The situation has changed in better without me doing a lot about it. I suspect both maturity and the arrival of other birds played a role in calming him down. 
Blowing on his face when he is in attack mode is gonna make him furious. 
I am sorry for the whole situation, your kids must be so disappointed :-( 
Pip loves you very much, he is not a bad pet. 

Sent from my GT-I9100 using Tapatalk


----------



## mareeder (Jul 31, 2013)

bobobubu said:


> Pip loves you very much, he is not a bad pet.


Please don't misunderstand, I do not think he is a bad pet. I do, however, feel like he is a slightly atypical 'tiel, and that has been a challenge (we researched and bought a tiel based on their reps as gentle creatures and good "family" pets). Pip definitely has an attitude that has proved tricky to navigate around. And as a first time tiel owner, I have lots of questions.


----------



## caterpillar (Oct 14, 2013)

My boyfriend (the original owner of our tiels) is convinced that the birds developed worse attitudes when I came into his life. Granted, they had loads of problems already, but I believe him when he says I probably made it worse (and he doesn't intend to sound mean when he says that, just honest)... they had gotten accustomed to only him trying to get to know them (well and his roommates when they wanted to play pranks involving the birds) and so having someone else talking to them and wanting to hold them was NOT welcome. One of the reasons why I've been so a***ant about wanting to train them is that having me move in at all made them even more difficult and hostile than they already were so I feel like it's my responsibility to help turn them around.

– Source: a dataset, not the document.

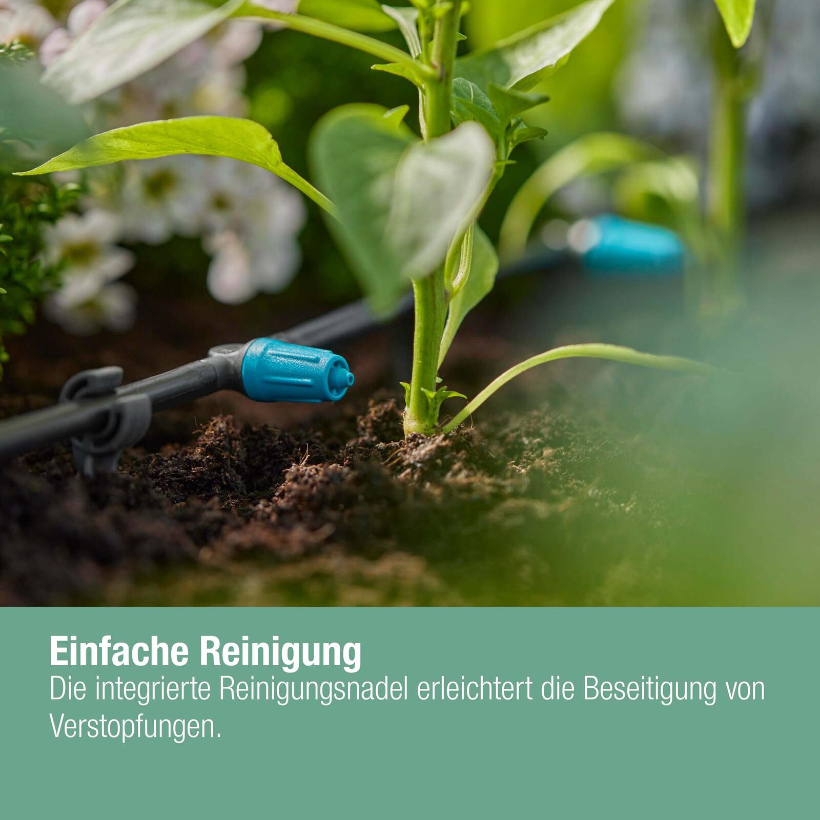 Die GARDENA Reihentropfer für das Micro-Drip-System erleichtern dir die Pflege deines Gartens und helfen dir, Wasser zu sparen, indem nur die benötigte Menge direkt an die Wurzeln gelangt. Vertraue auf die Qualität und Erfahrung von GARDENA, um deine Pflanzen optimal zu versorgen.

So basically... everything I've read indicates that you can't guarantee a cockatiel will get along with everyone in the household and there may be people (or other pets) whom they just flat-out dislike. I've heard this cited in the "con" column of pros/cons about deciding to get cockatiels... that there is a chance they will not be OK with having multiple humans in the household and that this is something to consider especially if it's a household with children.

But I agree with the above poster who said that having other members of the household start from the beginning on building a bond will at least maybe have some luck.


----------